Three days after MySpace Music president Courtney Holt reached out to the indies during his MidemNet keynote, the independent sector was still voicing its concern over terms during MIDEM.

Charles Caldas, CEO of Merlin, which represents 12,000 indie labels, made clear his reasons why he hasn't signed a licensing deal with MySpace Music. Speaking on the Indies in the Digital Landscape Panel, Caldas said he was still "negotiating" with the service.

However, he still has issues with the majors being given equity in MySpace Music, which was not offered to the indies. There were also general concerns among the panelists about the majors getting better terms.

"We were expected to license a service which allowed our major competitors on the supply side to benefit from the use of our repertoire," said Caldas. He described that as a "dangerous" precedent.

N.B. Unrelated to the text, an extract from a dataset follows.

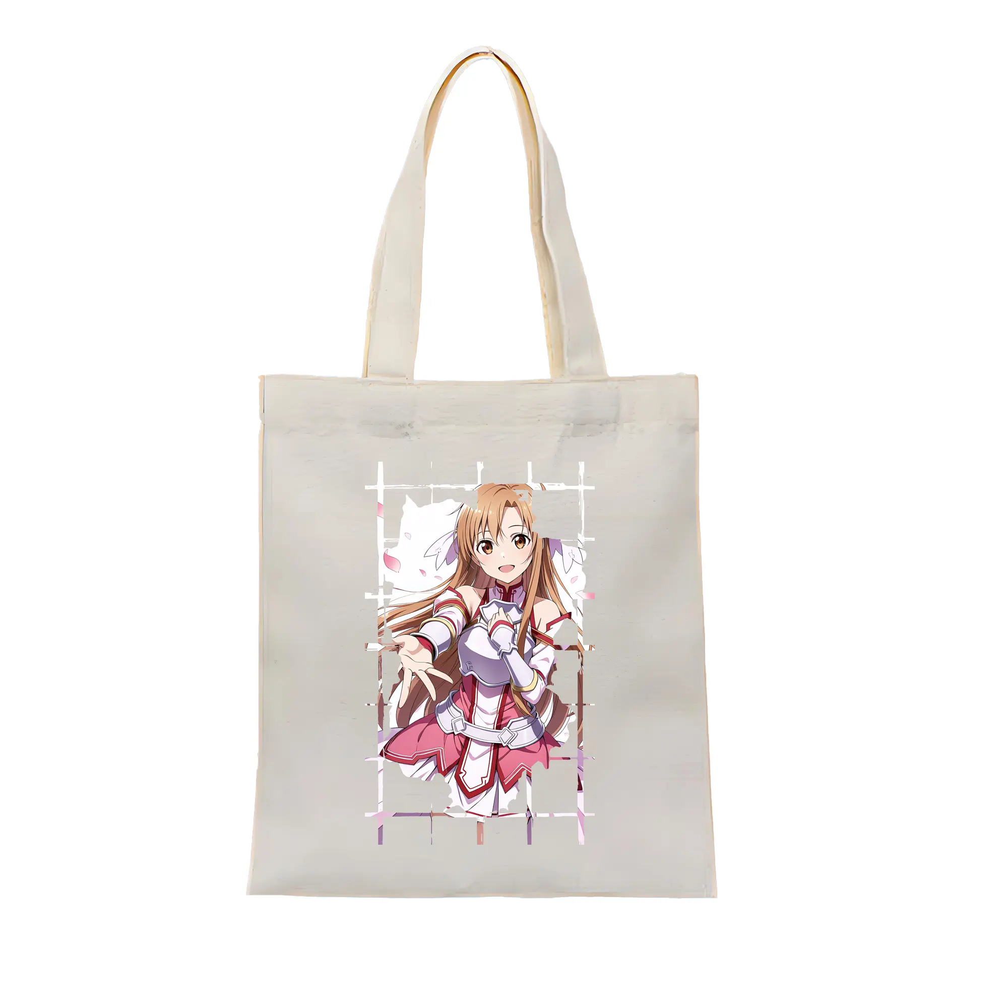 ソードアートオンライン グッズ アスナ - 縦型キャンバス手提げバッグ(トートバッグ) ・ キャンバス素材 ・ ショッピング用 ・ 軽量 丈夫 お手入れ簡単

Bob Frank, president of Koch Records, represented by Merlin, said that he was "not going to drop my pants and just take whatever deals are put on the table."

Frank added: "I don't view a major as any better than Koch Records."

The Orchard did sign up with MySpace Music from the start and Scott Cohen, founder and VP for Europe, disagreed with the suggestion that independents were always locked out of negotiations. He also noted that market share, not independent status, would dictate terms, so that EMI would not get as good terms as Universal.

The second day of the international music market and conference in Cannes also featured the inaugural International Publishing Summit (see Billboard.biz for separate coverage of the panels). Two independent publishers came together for a discussion about their business: Imagem Music CEO Andre de Raaff and Ralph Peer II, CEO and chairman of Peermusic.

Peer said that publishers were not immune from the difficult economic situation and could expect synch revenue to fall as a result. "One of the areas we are going to find difficult is going to be the fall-out from lower ad revenues," he said.

De Raaff agreed that there were "dangers" for independent publishers, but added that he thinks his company will "do rather well this year."

Imagem acquired classical publisher Boosey & Hawkes in April 2008 and de Raaff said he was impressed with the company's approach, compared to some classical companies that were like "entering a museum." He said the integration of the operations had been straightforward.

During a debate on whether the "super acts" model is sustainable, Kings Of Leon was named as a potential super act, although panelists agreed that too many medium-sized acts were being over-exposed and rushed back to market before the songs were strong enough.

Ossy Hoppe, managing director of Wizard Promotions in Germany, said he was deliberately holding back on bigger shows for Kings Of Leon so that it would be a really "hot ticket" next time. Instead, 5,000-capacity venues were being booked for the band in Germany.

"Some agents and managers don't care," said Hope. "They want to play the arenas."